Merge into 4.6 : maddhidi4-4.6 : Code : Linaro GCC

Status:	Superseded
Proposed branch:	lp:~ams-codesourcery/gcc-linaro/maddhidi4-4.6
Merge into:	lp:gcc-linaro/4.6
Diff against target:	346 lines (+260/-0) (has conflicts) 9 files modified ChangeLog.linaro (+35/-0) gcc/config/arm/arm.md (+63/-0) gcc/doc/md.texi (+17/-0) gcc/simplify-rtx.c (+84/-0) gcc/testsuite/gcc.target/arm/mla-2.c (+9/-0) gcc/testsuite/gcc.target/arm/smlaltb-1.c (+13/-0) gcc/testsuite/gcc.target/arm/smlaltt-1.c (+13/-0) gcc/testsuite/gcc.target/arm/smlatb-1.c (+13/-0) gcc/testsuite/gcc.target/arm/smlatt-1.c (+13/-0) Text conflict in ChangeLog.linaro
To merge this branch:	bzr merge lp:~ams-codesourcery/gcc-linaro/maddhidi4-4.6
Related bugs:	Link a bug report

Reviewer	Review Type	Date Requested	Status
Linaro Toolchain Builder		2011-05-18	Needs Fixing on 2011-05-19
Review via email: mp+61410@code.launchpad.net

This proposal has been superseded by a proposal from 2011-06-02.

Description of the change

A target-independent patch for improving combine of HImode to DImode mulitply-and-accumulate.
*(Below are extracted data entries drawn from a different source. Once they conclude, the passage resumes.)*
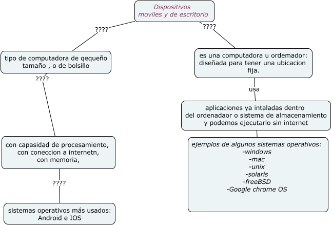 Este Cmap, tiene información relacionada con: LALI DISPOSITIVOS MOVILES, aplicaciones ya intaladas dentro del ordenadaor o sistema de almacenamiento y podemos ejecutarlo sin internet ???? ejemplos de algunos sistemas operativos: -windows -mac -unix -solaris -freeBSD -Google chrome OS, Dispositivos moviles y de escritorio ???? es una computadora u ordemador: diseñada para tener una ubicacion fija., Dispositivos moviles y de escritorio ???? tipo de computadora de qequeño tamaño , o de bolsillo, es una computadora u ordemador: diseñada para tener una ubicacion fija. usa aplicaciones ya intaladas dentro del ordenadaor o sistema de almacenamiento y podemos ejecutarlo sin internet, con capasidad de procesamiento, con coneccion a internetn, con memoria, ???? sistemas operativos más usados: Android e IOS, tipo de computadora de qequeño tamaño , o de bolsillo ???? con capasidad de procesamiento, con coneccion a internetn, con memoria,
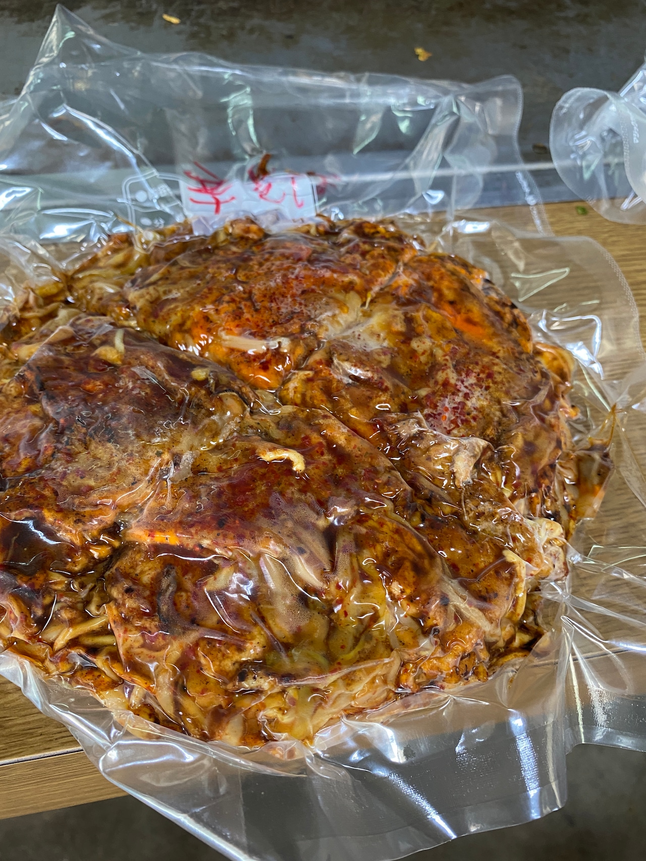 2代目大将が1枚1枚丁寧に焼き上げ美味しさそのままに瞬間冷凍したお好み焼きとなります。
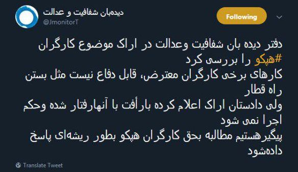 گروه اجتماعی الف، 3970827106دیدهبان شفافیت و عدالت از بررسی موضوع کارگران هپکو اراک خبر داد و اعلام کرد پیگیر مطالبه بحق کارگران هستیم.
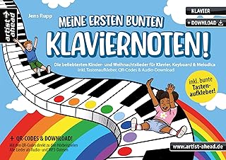 Meine ersten bunten Klaviernoten! Die beliebtesten Kinder- & Weihnachtslieder für Klavier, Keyboard & Melodica (inkl. Tastenaufkleber, QR-Codes & Audio-Download). Bunte Noten für Anfänger. by Jens Rupp
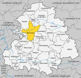 باكنانغ (بالألمانية: Backnang) هي Grosse Kreisstadt، مدينة و بلدة ألمانية تقع في ألمانيا في مقاطعة ريمس مور. يقدر عدد سكانها بـ 35,661 نسمة .
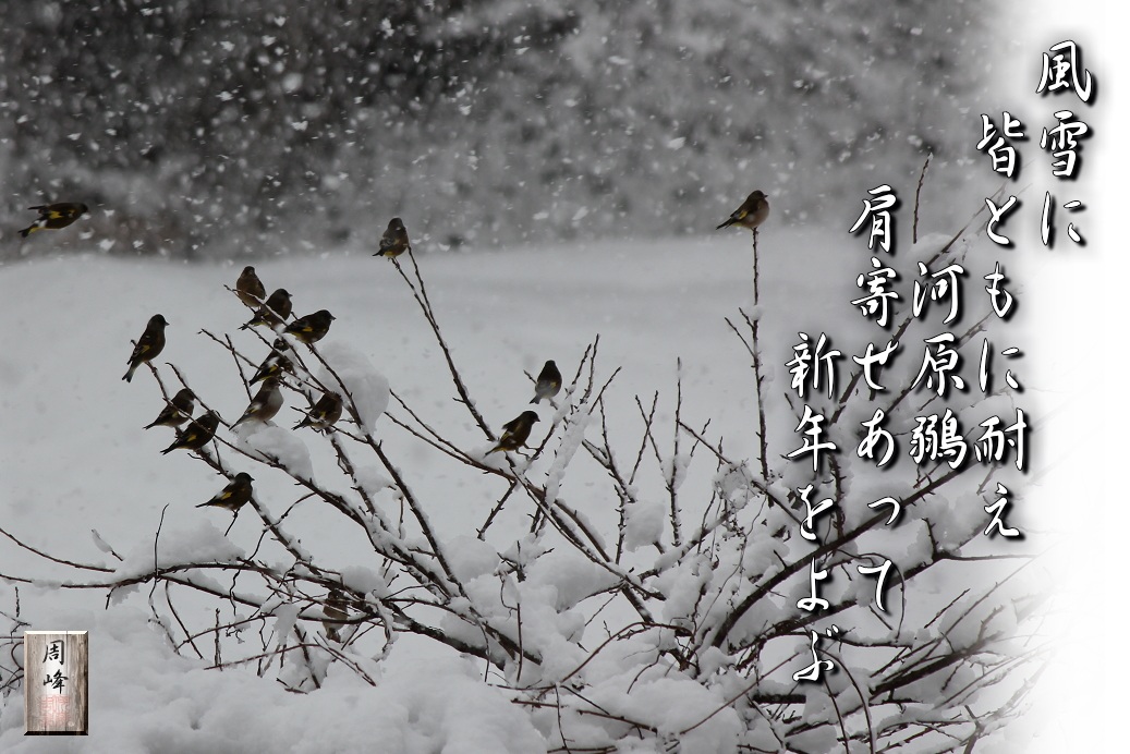 強風をともなう豪雪の中、河原鶸(カワラヒワ)の家族か或いは仲間だろうか居場所を求めて彷徨っていた。猛吹雪に向って果敢に挑むその姿は、勇猛果敢でもあった。 仲間の絆、家族の絆、「皆と共に歩めば何も怖いものなど無いのだ」と言っているかの様でもあった。今年もその絆を大切にしていきたいと希う、昨日大晦日に撮った写真の一枚だった。 |

I've posted this patch upstream here:

http://<email address hidden>/msg05794.html

I'm waiting for upstream review, so I've submitted this merge proposal mostly to get the patch tested.

Revision history for this message

Linaro Toolchain Builder (cbuild) wrote on 2011-05-18:

#

cbuild has taken a snapshot of this branch at r106750 and queued it for build.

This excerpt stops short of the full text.